[REQUIREMENT] When you transcribe the data below, reproduce every line exactly and leave each picture out.

[RECORDS TO USE]
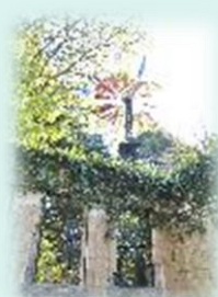
旧フランス領事官邸
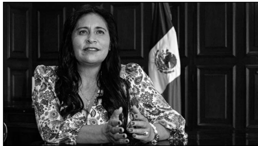
La senadora de Morena señaló que la separación de poderes debe tender a la cooperación armónica entre los órganos del Estado mexicano.

Su declaración no solo enfatizó la colaboración continua de la Sedena, sino también reafirmó el compromiso del gobierno con la seguridad y el bienestar de la ciudadanía, asegurando que la Guardia Nacional seguirá siendo una prioridad en la agenda nacional.
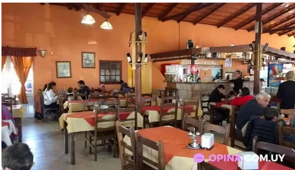
El rancho de young videos
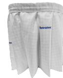
PTFE ANT Antistatischer PTFE Filter (M Klasse EN 60335-2-69)
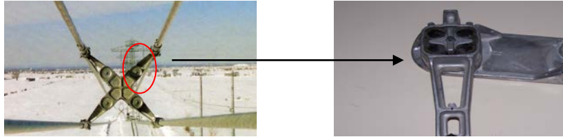
Figura 4 Articulación elástica

En la línea de transmisión, para determinar el comportamiento del sistema de protección antivibratoria, se hacen mediciones de vibraciones eólicas como se puede observar en la Figura 5.
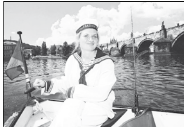
JÍZDA z Dětského ostrova k Národnímu divadlu trvá 10 minut.
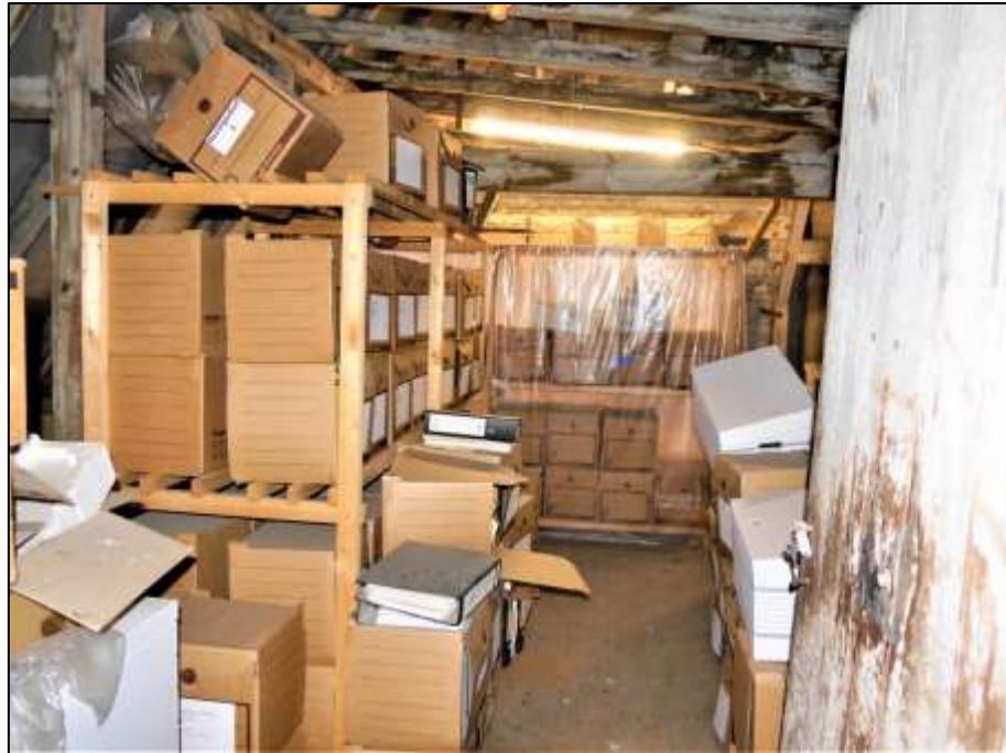
Rohdachboden im Vorderhaus mit abgespanntem Abteil zur Lagerung von Verwaltungsakten der auf dem Grundstück ansässigen Grundstücksverwaltung
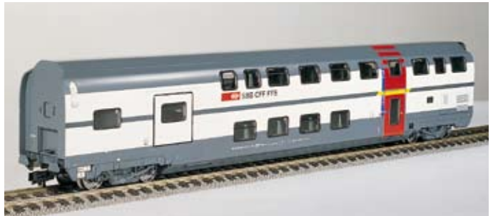
Lieferbar ab Januar 2005

Ae 4/4 BLS «60 Jahre», Art.Nr. 182~/183= 60 Jahre
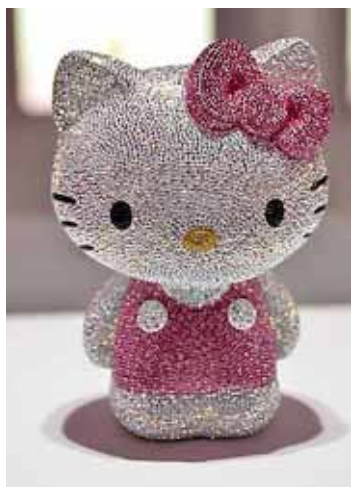
Hello Kitty, uitgevoerd met 19.636 Swarovski steentjes.

Een al jaren lopende discussie is de vraag of Hello Kitty niet heel erg veel lijkt op de twintig jaar eerder ontworpen Nijntje.
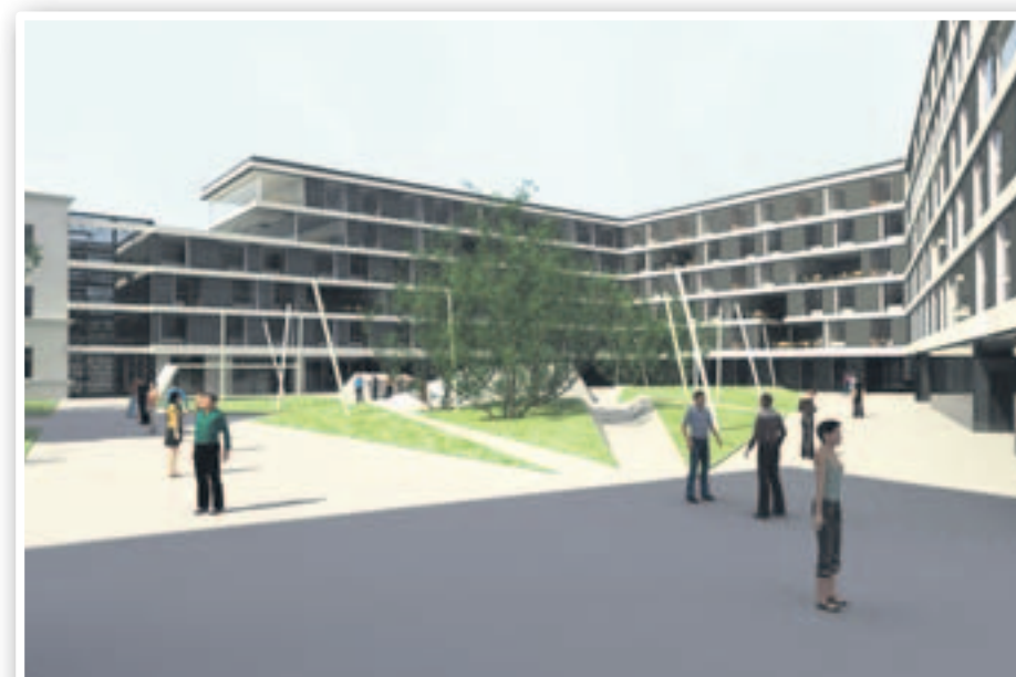
Dva doma međusobno će biti povezana u jednu sjelinu, a spajat će ih veliko dvorište
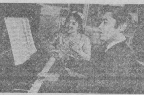
САМАРҚАНД ОБЛАСТИ. Халқ ижодий уйи қошидаги ашула ва рақс ансамбли обалтадаги пахтакорлар, чорвадорлар, ишчи ва хизматчилар орасида ўз қишлоқлари билан но қозонган коллективлар. Утган йили бу коллектив қишлоқ меҳнатчиларига 200 дан ортиқ концерт берди. Ҳозир бу ансамбль солиқтисин Бахтигул Мамаржабова Муиннинг Қамаров журғидаги янги қишлоқ ўрганмоқда.
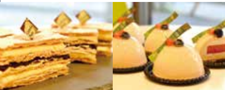
ハスカップとキタノカオリのミルフィーユ 使用食材: ハスカップ・小麦粉(きたのかおり)・牛乳・生クリーム

住所: 墨田区緑 2-14-14 TEL: 03-3631-6630 営業時間: 10:00~20:00 定休日: 木曜日 ジャンル: 洋菓子
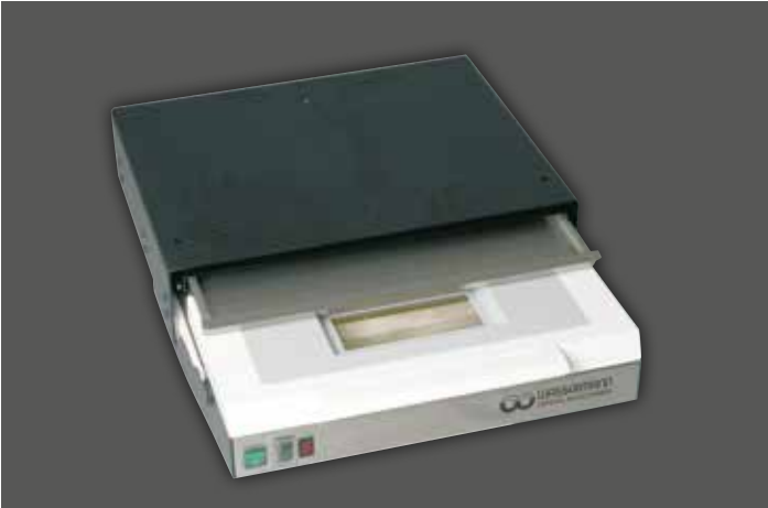
LSG-02 mit Zwischenschublade

[SOLUTION]
旧フランス領事官邸
La senadora de Morena señaló que la separación de poderes debe tender a la cooperación armónica entre los órganos del Estado mexicano.

Su declaración no solo enfatizó la colaboración continua de la Sedena, sino también reafirmó el compromiso del gobierno con la seguridad y el bienestar de la ciudadanía, asegurando que la Guardia Nacional seguirá siendo una prioridad en la agenda nacional.
El rancho de young videos
PTFE ANT Antistatischer PTFE Filter (M Klasse EN 60335-2-69)
Figura 4 Articulación elástica

En la línea de transmisión, para determinar el comportamiento del sistema de protección antivibratoria, se hacen mediciones de vibraciones eólicas como se puede observar en la Figura 5.
JÍZDA z Dětského ostrova k Národnímu divadlu trvá 10 minut.
Rohdachboden im Vorderhaus mit abgespanntem Abteil zur Lagerung von Verwaltungsakten der auf dem Grundstück ansässigen Grundstücksverwaltung
Lieferbar ab Januar 2005

Ae 4/4 BLS «60 Jahre», Art.Nr. 182~/183= 60 Jahre
Hello Kitty, uitgevoerd met 19.636 Swarovski steentjes.

Een al jaren lopende discussie is de vraag of Hello Kitty niet heel erg veel lijkt op de twintig jaar eerder ontworpen Nijntje.
Dva doma međusobno će biti povezana u jednu sjelinu, a spajat će ih veliko dvorište
САМАРҚАНД ОБЛАСТИ. Халқ ижодий уйи қошидаги ашула ва рақс ансамбли обалтадаги пахтакорлар, чорвадорлар, ишчи ва хизматчилар орасида ўз қишлоқлари билан но қозонган коллективлар. Утган йили бу коллектив қишлоқ меҳнатчиларига 200 дан ортиқ концерт берди. Ҳозир бу ансамбль солиқтисин Бахтигул Мамаржабова Муиннинг Қамаров журғидаги янги қишлоқ ўрганмоқда.
ハスカップとキタノカオリのミルフィーユ 使用食材: ハスカップ・小麦粉(きたのかおり)・牛乳・生クリーム

住所: 墨田区緑 2-14-14 TEL: 03-3631-6630 営業時間: 10:00~20:00 定休日: 木曜日 ジャンル: 洋菓子
LSG-02 mit Zwischenschublade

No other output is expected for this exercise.